§ **What you need to do**: Scan the records below for the line with "وشددت الدعوات على" and the line with "Играет на Counter", and retype that range exactly, both ends included, pictures excepted.

Supplied material Block Start

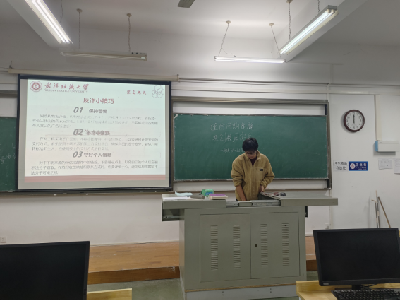 随后,各班班长带领同学们了解反诈小技巧,第一点是保持警惕,告诫同学们不要被虚假宣传和夸大其词的商品所迷惑;其次是不贪小便宜,指出同学们一定要确保自己的资金安全,应使用安全的支付方式进行支付;最后指出同学们要保护好个人信息,避免个人信息泄露让不法分子有可乘之机。
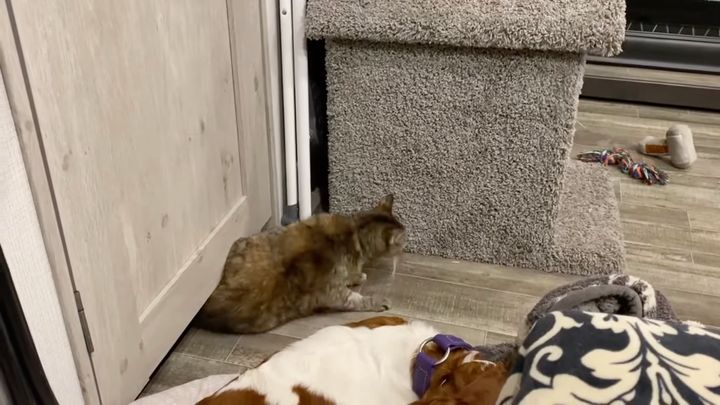 3. 年齢を感じさせない柔軟な猫、ドアのすき間を無音で通過
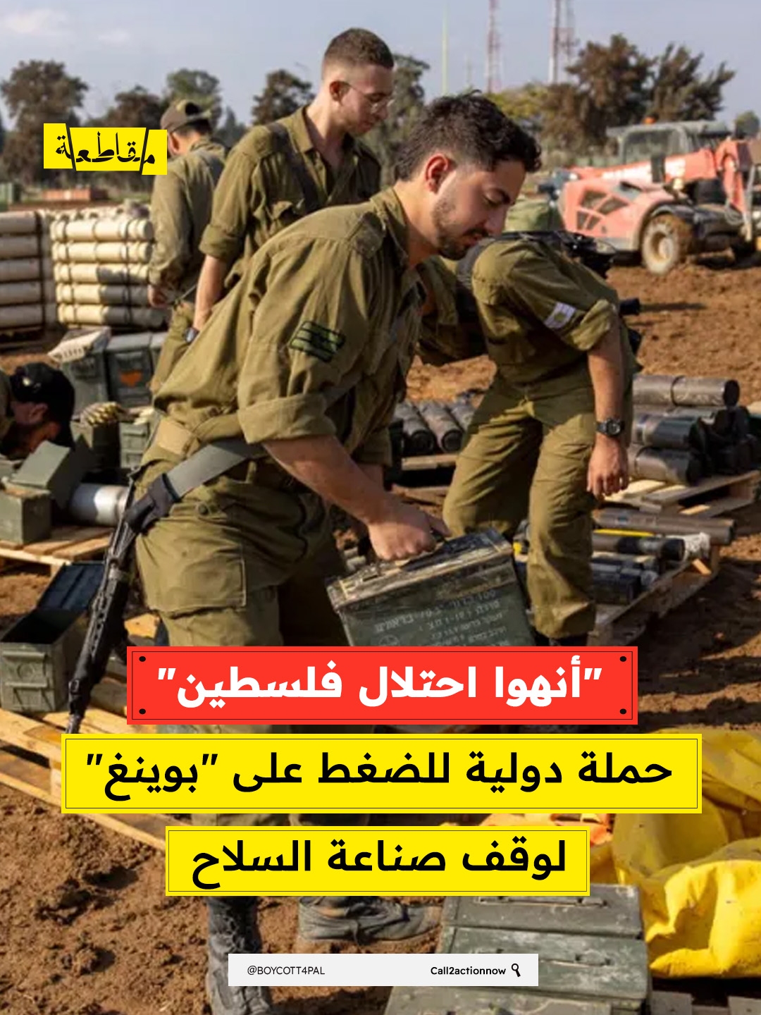 وشددت الدعوات على أهمية الاتصال بممثلي البرلمانات والحكومات للضغط من أجل إنهاء صفقات السلاح ومحاسبة الشركات المتورطة، إلى جانب الانضمام إلى الاحتجاجات والفعاليات الميدانية التي تتوسع في مدن عدة، في إطار حملة متواصلة لوقف صناعة الأسلحة وإنهاء الاحتلال.
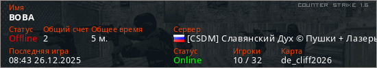 Играет на Counter Strike 1.6 сервере. Страна: РоссияПервый раз замечен 08:32 26.12.2025
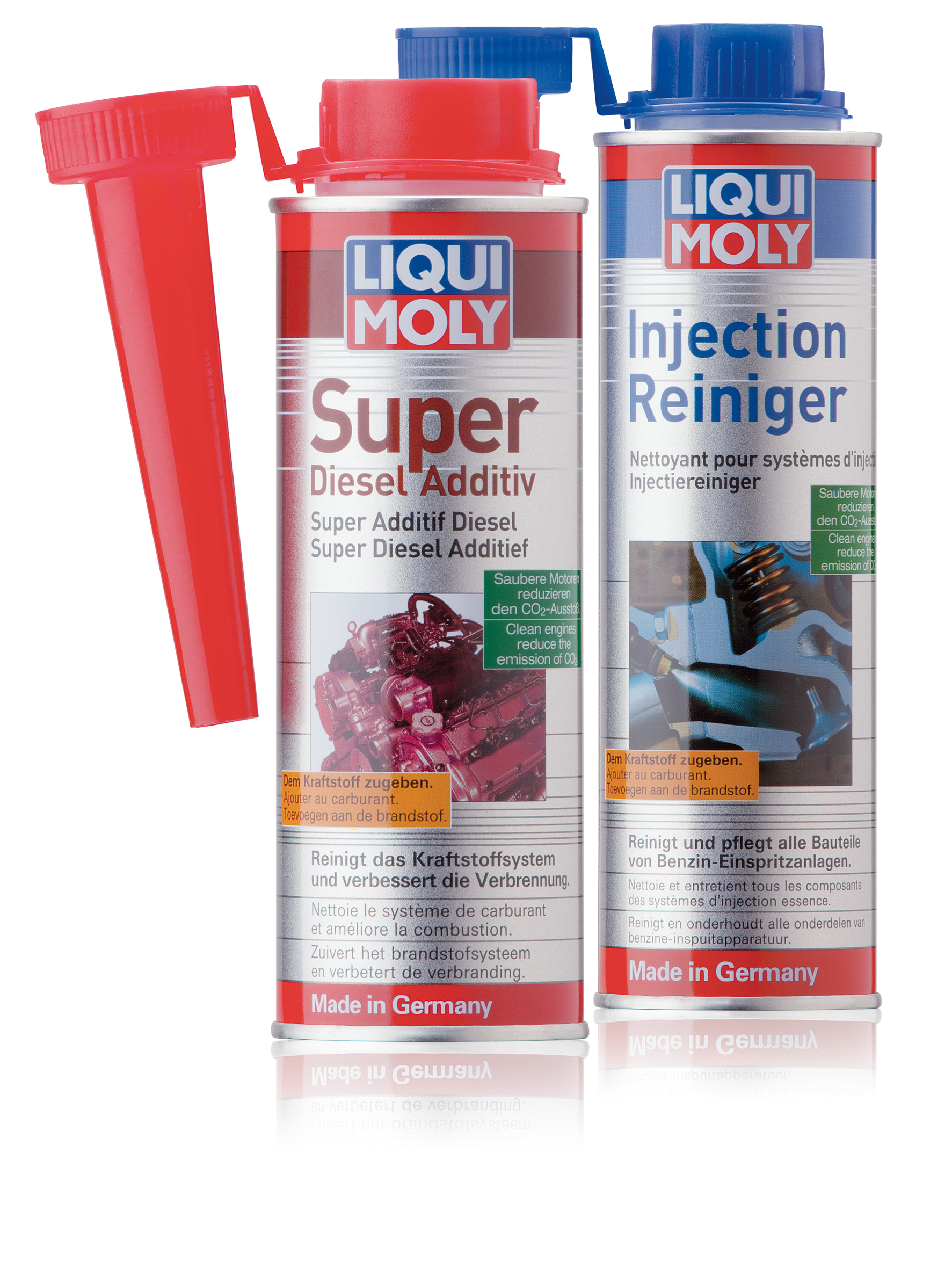 Die Auswirkungen schwankender Kraftstoffqualitäten lassen sich mithilfe von Additiven minimieren. Für Benzin betriebene Fahrzeuge empfiehlt David Kaiser den Injection Reiniger: „Er entfernt Ablagerungen im Einspritzsystem. Das verbessert die Verbrennung und führt zu sinkendem Spritverbrauch und niedrigeren Emissionenswerten.“ Der LIQUI MOLY-Benzinzusatz verbessert die Gasannahme und trägt dazu bei, dass der Motor sein ursprüngliches Leistungsvermögen zurückbekommt. Außerdem schützt das Additiv vor Korrosion. Auch für Dieselfahrzeuge gibt es Kraftstoffzusätze. Das Pendant zum Injection Reiniger ist das Super Diesel Additiv, das ebenfalls Ablagerungen im Einspritzsystem und im Brennraum entfernt und deren Neubildung verhindert. Der Dieselzusatz erhöht die Cetanzahl und verbessert die Zündwilligkeit des Kraftstoffs für einen ruhigeren Motorlauf. „Ein spezieller Schmierverbesserer schützt die Einspritzpumpe des Fahrzeugs auch dann, wenn einmal Dieselkraftstoff getankt wurde, der die geforderten Schmiereigenschaften missen lässt“, so der Forschungsleiter.

Supplied material Block End

§ **Result for this task**:
 وشددت الدعوات على أهمية الاتصال بممثلي البرلمانات والحكومات للضغط من أجل إنهاء صفقات السلاح ومحاسبة الشركات المتورطة، إلى جانب الانضمام إلى الاحتجاجات والفعاليات الميدانية التي تتوسع في مدن عدة، في إطار حملة متواصلة لوقف صناعة الأسلحة وإنهاء الاحتلال.
 Играет на Counter Strike 1.6 сервере. Страна: РоссияПервый раз замечен 08:32 26.12.2025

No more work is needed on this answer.